High-frequency traders have a distinct advantage in the way Thomson Reuters distributes its University of Michigan Consumer Sentiment Index, a monthly report compiled by Thomson Reuters and the university. In court documents filed last week, the data provider revealed that it distributes data to “‘ultra-low latency’ subscribers” at 9:54:58 AM ET. That’s a full two seconds before most of its subscribers get access to the data at 9:55:00. Non-subscribers are supposed to get access to the data at 10:00:00 AM ET, but the data is widely shared well before then.

Thomson Reuters came under fire last week for a “minor clock synchronization issue” that caused it to release data on the US ISM manufacturing index to high frequency traders 15 milliseconds early. The data leak led to $28 million in trades, according to trading consultancy Nanex, LLC, partly because the data came in particularly weak.

But where last week’s issue seems to have been a mistake, the two-second lead on the consumer data is not. In fact, it’s inked in the deal between Thomson Reuters and the University of Michigan, according to a copy of their contract obtained by Quartz:

The consumer sentiment index is at the center of a lawsuit between Thomson Reuters and Mark Rosenblum, a former employee who sold financial data for the firm. Rosenblum says that while working at Thomson Reuters he spoke to officials at the FBI about the two-tiered data distribution system, because he believed that giving high-frequency traders a head start might violate insider-trading laws. He was fired on August 3, 2012, and in April, he took the company to court for wrongful dismissal.

In its court filing, Thomson Reuters denies that it fired Rosenblum for bringing up these issues. It also denies his allegation that its practice of giving data to high-speed traders two seconds early gave them a trading advantage, though it doesn’t explain how. The suit is ongoing. Thomson Reuters had not responded to requests for comment by press time.

However, there are reasons to suspect that data may have leaked out even earlier than this two-second window. Emails obtained by Quartz show that Thomson Reuters employees who were selling financial information to clients had access to the data well before the official release time—as early as 9:00 a.m. ET, nearly an hour in advance. Rosenblum told Quartz that he believes employees with early access might not always have kept that information to themselves, though he could produce no evidence of it. But a look at trading on the markets backs up that suspicion.

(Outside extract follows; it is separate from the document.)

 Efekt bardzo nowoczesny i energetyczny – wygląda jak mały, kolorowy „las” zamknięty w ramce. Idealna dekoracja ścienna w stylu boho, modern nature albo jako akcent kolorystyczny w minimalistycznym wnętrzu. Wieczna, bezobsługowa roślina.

A flurry of trading activity occurred just before the release of the University of Michigan Consumer Sentiment Index on December 7, 2012. Nanex, LLC

Nanex’s founder, Eric Hunsader, took a closer look at University of Michigan consumer confidence data published on December 7, 2012. If everything went according to plan, he explains, markets should have seen a flurry of activity right around or even slightly after 9:54:58. That’s when algorithms would have kicked in and begun trading on the data.

What he actually sees is activity at 9:54:57.18—nearly a full second before the data was supposed to be released. Moreover, the trading took place in Chicago, which would have received the data about six milliseconds after it was published in New York. Hunsader concludes that the weird, early movement likely happened because someone received the data even earlier than they were supposed to.

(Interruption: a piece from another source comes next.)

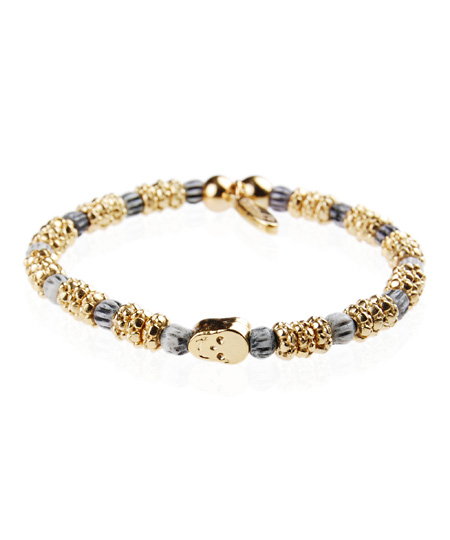 A variety of elements come together to make this Ettika skull bracelet a one of kind piece. Gold beads, coupled with dark grey beads, make for a brilliant combination. Complimenting this union is a small skull bead, shining boldly in gold.

“I really believe that this was a case where someone knew this [number] early,” Hunsader said in a phone interview. If you had early information, he reasons, “you wouldn’t want to take a position until really close to the release,” both because you’d want to avoid other adverse market moves ahead of the release and because investors cancel orders prior to a release, making it difficult to find someone to trade with. Hence the trading about a full second before the release. “That tells me that someone was getting as close to the trigger point as possible.”

Hunsader added that this wasn’t the only time he’d seen strange trading activity before the University of Michigan Consumer Sentiment release. In particular, the market has been reacting less violently than it should be at release time. “In the past, we had seen a lot of market reaction at 9:54:58—spectacular market reaction—and we haven’t seen that as much [lately],” he said. If data were going out early by more than a few seconds, “[the reaction] would be buried. Once it goes out even 10 seconds early, we wouldn’t see it at all.”

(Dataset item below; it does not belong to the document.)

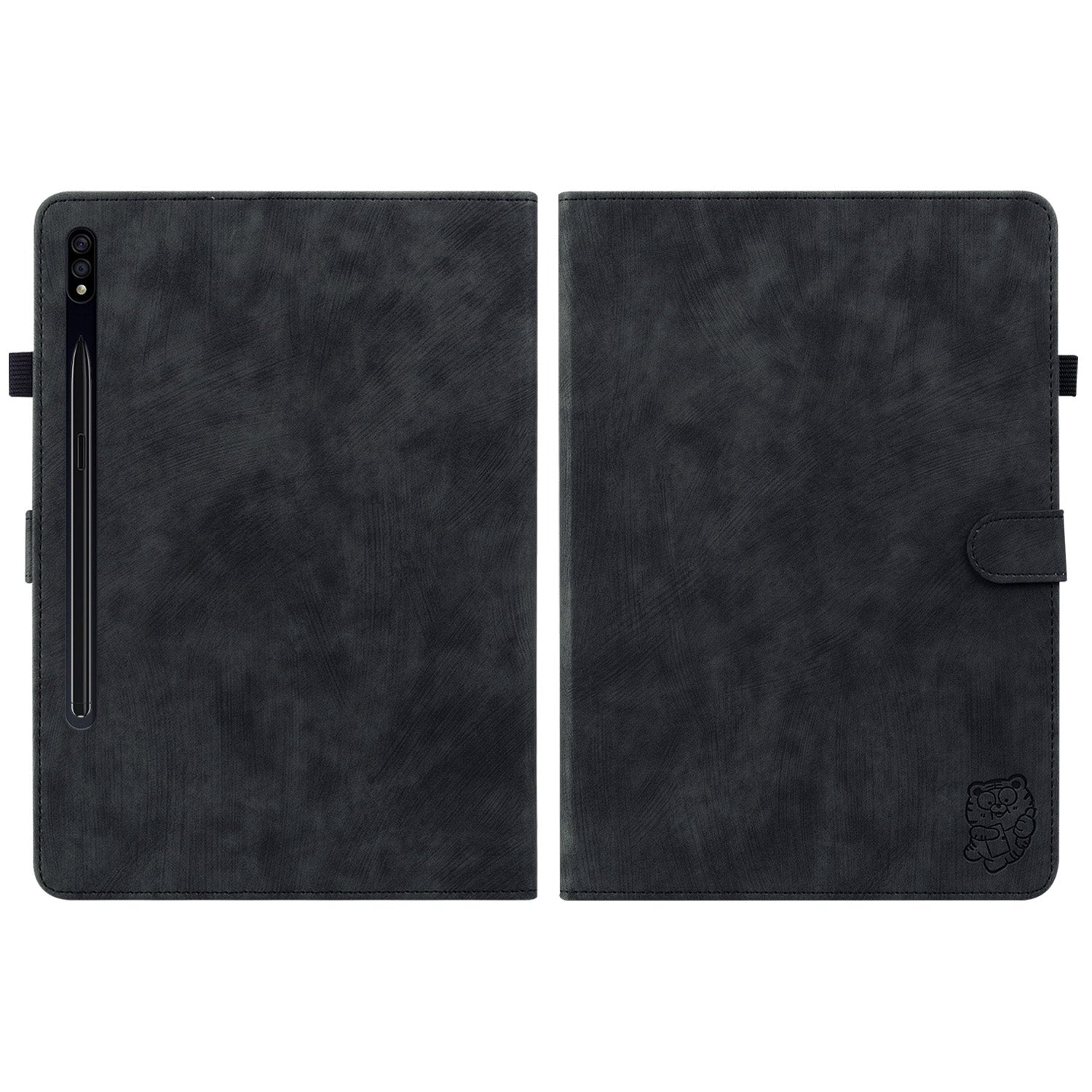 For Samsung Galaxy Tab S10 / S9 / S9 FE Stand Folio Tablet Case PU Leather Cute Tiger Pattern Cover with Card Holder - Black

It’s hardly news that data centers and exchanges give out better information and better trading options to subscribers—and some of their most important subscribers happen to be high-frequency trading firms. But this advantage often comes at the expense of most retail and institutional investors. “I guarantee you none of those people have any idea that a handful of people have access to [University of Michigan Consumer Sentiment] data two seconds earlier,” Rosenblum told Quartz. Legal or no, it’s worth reconsidering whether early data distribution gives the biggest and wealthiest firms an advantage.